The My French Film Festival has been running for six years. It features movies in and out of competition, with juries, awards, and screenings in theatres and online. We take a look at the festival itself and about what it means for cinema in general.
In the words of Jean-Luc Godard, ‘Photography is truth, cinema is truth 24 times per second’. And what better way to introduce an essay about a French film festival than with a quote I definitely knew off hand and I definitely didn’t need to pull from Google. French cinema conjures up a sense of high art and high brows, the latter in the sense of cinema as an art form that elevates the viewer, and in the sense of a face doing a double barrel Roger Moore impression because the dexterity of Amelie’s visual language leaves it breathless, in much the same way A bout de Souffle might, a movie that ironically features an American movie loving protagonist a full ten years before French new wave cinema became American new wave cinema. But it is not that ironic, because French cinema is very much the European Hollywood, with strong financial backing from the State, and a production line that churns out broad comedies or blustering blockbusters to match all the movies that want to say something. Taxi, anyone?
The French Film Festival
French cinema has learned from Hollywood. There hasn’t been a Napster moment for cinema because the industry has embraced streaming and downloading as a way to promote and monetize their product. Music, being cinema’s forbearer in grappling with new technology, has only recently cancelled the pallbearer after showing some signs of health and recovery. Cinema, having embraced the future, is going from strength to strength.

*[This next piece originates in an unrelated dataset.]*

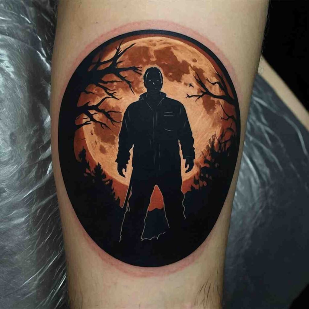 Adding a full moon to a Michael Myers tattoo gives it a supernatural, eerie vibe. The full moon is often linked to transformation, mystery, and night, while Michael represents fear and danger. Together, they make for a visually striking tattoo that blends elements of horror and nature.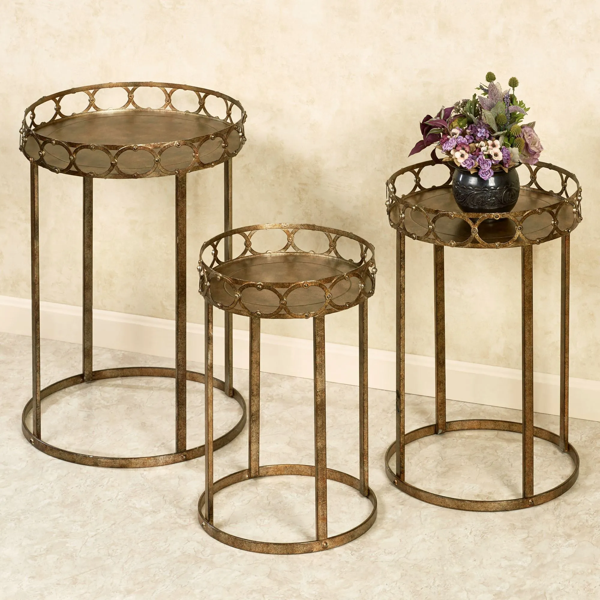 Interlocking ovals with aged silver stud accents inspire the look featured on the Regal Lux Round Nesting Table Set. Metal nesting tables have a dark gold finish with light red overtones and roomy display surfaces. Small is 13"dia.x20"H; medium is 15"dia.x22.5"H; large is 18.5"dia.x26"H.

This French film festival monetizes the films showcased here too, but primarily it acts as a way to promote French cinema, an idea that this author fully supports. Everybody should always have access to culture. The festival organisers have a mission statement: allowing web users from around the world to share their enthusiasm for French cinema. Indeed, for as little €5, you have access to a wide range of movies and short films are free to view. Individual movies, such as some Canadian movies and French classics, can be viewed for €1.99 per film. All in all, the costs are not prohibitive. You have the choice of watching the movies in theatres – also offered on airplanes – or online, though the majority of viewers will be absorbing their hit of French culture via their computer screen.

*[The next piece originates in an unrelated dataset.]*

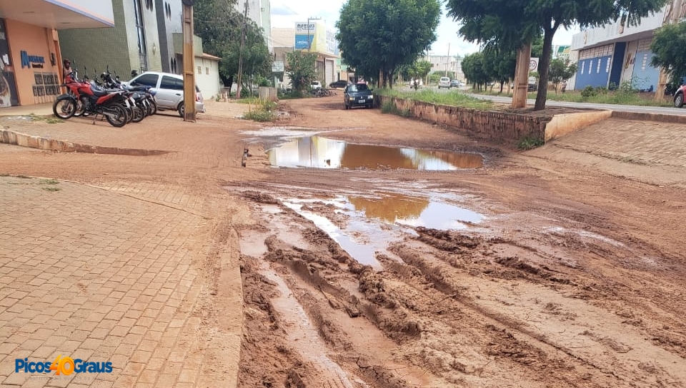 Clientes do banco e de outros empreendimentos localizados no prédio, estão tendo dificuldades para estacionar no local, uma vez que a via apresenta buracos e muita lama.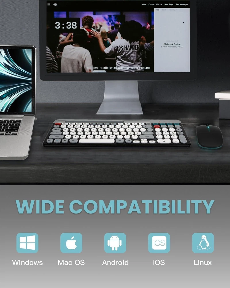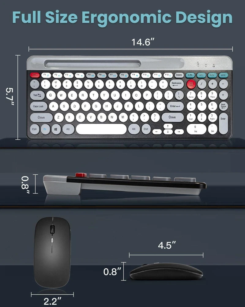 CONTACT US DIRECTLY FOR FREE & PREPAID RETURNS Wireless Keyboard and Mouse Combo, Multi-device (bluetooth+2.4g) Keyboard Mouse 【Bluetooth & 2.4G Wireless Connection】 Bluetooth 5.0 + 3.0 technology provides stable connection and within 33 feet without any delays. One plug and play 2.4G USB receiver (stored on the bottom of the mouse) or via Bluetooth can connect both the keyboard and mouse without installing additional software or driver, ensures a stable and reliable connection. 🌟【Full Size Keyboard with Holder】 Even when working with office computer, you’ll never miss any messages from your phone with this pink keyboard, since the built-in cradle can prop up your smartphone horizontally or vertically at a perfect angle to read or watch videos. 🌟【12 Multimedia Hot Keys】 This cute wireless keyboard and mouse layout with numeric keypad. 12 multimedia hotkeys combined with FN provide a shortcut to your music, emails, movies, web, ect. (Note: the 12 Multimedia shortcuts are not compatible with Mac systems.) 🌟【Silent Wireless Mouse & Long Battery Life】 Computer mouse provides whisper silent click, no need to worry about disturbing others to rest while working or playing. DPI adjustable mouse provides 3 levels of DPI (800/1200/1600) to meet your different needs in terms of sensitivity. 🌟【Wide Compatibility & Great Service】 Typewriter keyboard wireless and mouse combo compatible with Windows 2000 / ME / XP / 7 / 8 / 10, VISTA and Mac. Wireless keyboard brown, suitable for desktops, Chrome-book, PC, Laptop, Computer,Smart TVs and more. If you encounter any problems during use, please , we will provide a satisfactory solution. REVIEWS The product came very well packaged. I'm very happy. thank you for everything. Seller strongly recommended. This is great! I definitely recommend! Product looks amazing Delivery was fast. Excellent seller, great communication. I advise everyone

The Festival and How it Works
So this a festival, you say? Yes, with three main prizes: The Chopard Filmakers’ prize, The Lacoste Audience Prize (you must own a Lacoste polo shirt to vote, or be watching online), and The International Press prize. All the juries have an international dimension to them, with the filmmaker and press juries being represented by Europeans, Iranians, and Americans. Since you are not on any of the juries, the festival naturally holds you in contempt by producing an educational kit that breaks each movie in competition down to its themes and ideas, a kind of crash course in French filmmaking 101. Warning: do not form your own opinion about any of these movies. I jest, it is a useful tool and the Festival also give a window into the people on the juries, creating a deeper sense of connection between the viewer and the Festival itself.
They also hope to encourage learning French because, unlike the website, they do not translate these educational kits, much like the press releases. But nobody wants to read those. People may want to read, however, the movie reviews that you write as a movie critic. You can submit your reviews online to the festival website.

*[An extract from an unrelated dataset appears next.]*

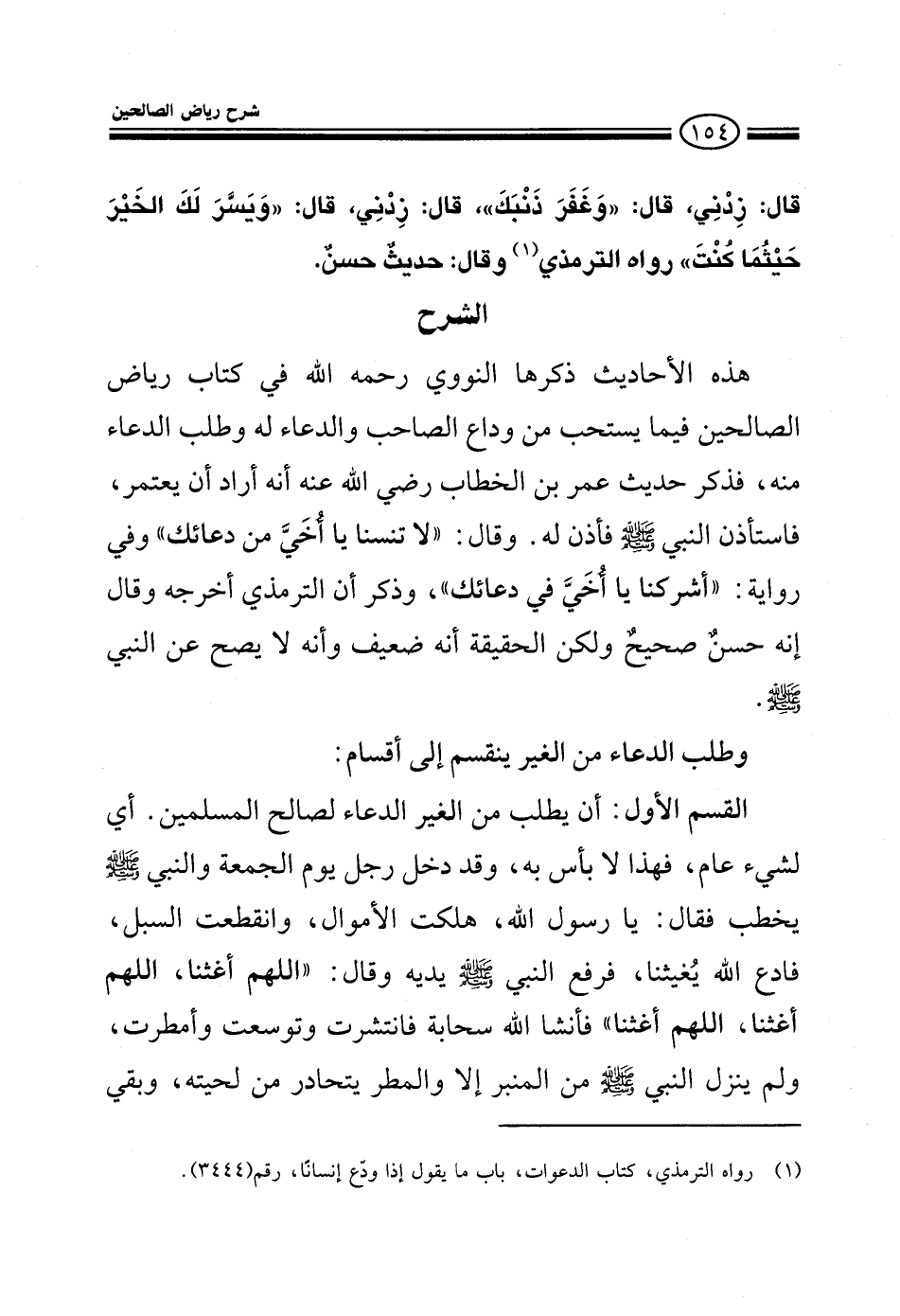 وقال: لا تنسنا يا أخي من دعائك وفي رواية: أشركنا يا أخي في دعائك وذكر أن الترمذي أخرجه وقال إنه حسن صحيح ولكن الحقيقة أنه ضعيف وأنه لا يصح عن النبي صلى الله عليه وسلم وطلب الدعاء من الغير ينقسم إلى أقسام: القسم الأول: أن يطلب من الغير الدعاء لصالح المسلمين جميعا أي شيء عام فهذا لا بأس به، وقد دخل رجل يوم الجمعة والنبي صلى الله عليه وسلم يخطب فقال: يا رسول الله هلكت الأموال وانقطعت السبل فادع الله يغيثنا فرفع النبي صلى الله عليه وسلم يديه وقال: اللهم أغثنا اللهم أغثنا اللهم أغثنا فأنشأ الله سحابة فانتشرت وتوسعت وأمطرت ولم ينزل النبي صلى الله عليه وسلم من المنبر إلا والمطر يتحادر من لحيته، وبقي

There are a wide selection of movies available, from the erotically charged farce of All of Them that, if not original, is well-made, to the Belgian horror based on a serial killer couple from 1940s America, replete with jealousy, murder, and a unique form of co-dependency. Well they do say a couple that kills together, stays together. Sand Castles is a touching drama that, aptly for an online festival, muses over the transient nature of things, and fittingly for a movie, our attempts to add permanence to them, an idea realised in a scene where the protagonist is filming her former lover from a distance. Aside from romantic comedies, crime, and horror, French animation and shorts round out the festival in the most French section of the festival – The Lost Generation. Here, our protagonists ponder over life, love, and the meaning of it all, such as in the very relatable Sunday Brunch.
An Insightful Conclusion
My university town of Cork hosts an annual French Film Festival, a yearly nod to the best movies in the Francophone world, from the excellent Johnny Mad Dog, set in an unnamed African country, to the Algerian set masterpiece of Days of Glory, and, er, Cristoph Lambert’s Highlander. Lambert – and actor lucky enough to enjoy a wonderful career and man lucky enough to be married to Sophie Marceau – attended a screening of Luc Besson’s Subway in Cork and participated in a Q &A afterwards. It was nice touch, and one that made French cinema even more accessible.
Enjoying a French movie in a cinema is not only a nod to a disarming scene in the aforementioned Amelie, it advertences the beginnings of the medium, with French hands being some of the first to pass a film through a projector. The world moves on however, and cinema with it, and this new type of French film festival is innovative, enjoyable, and responsive to how we are now watching our movies, French or otherwise, arthouse or blockbuster, while maintaining our sense of connection to the movies and the people behind them. Plus ça change.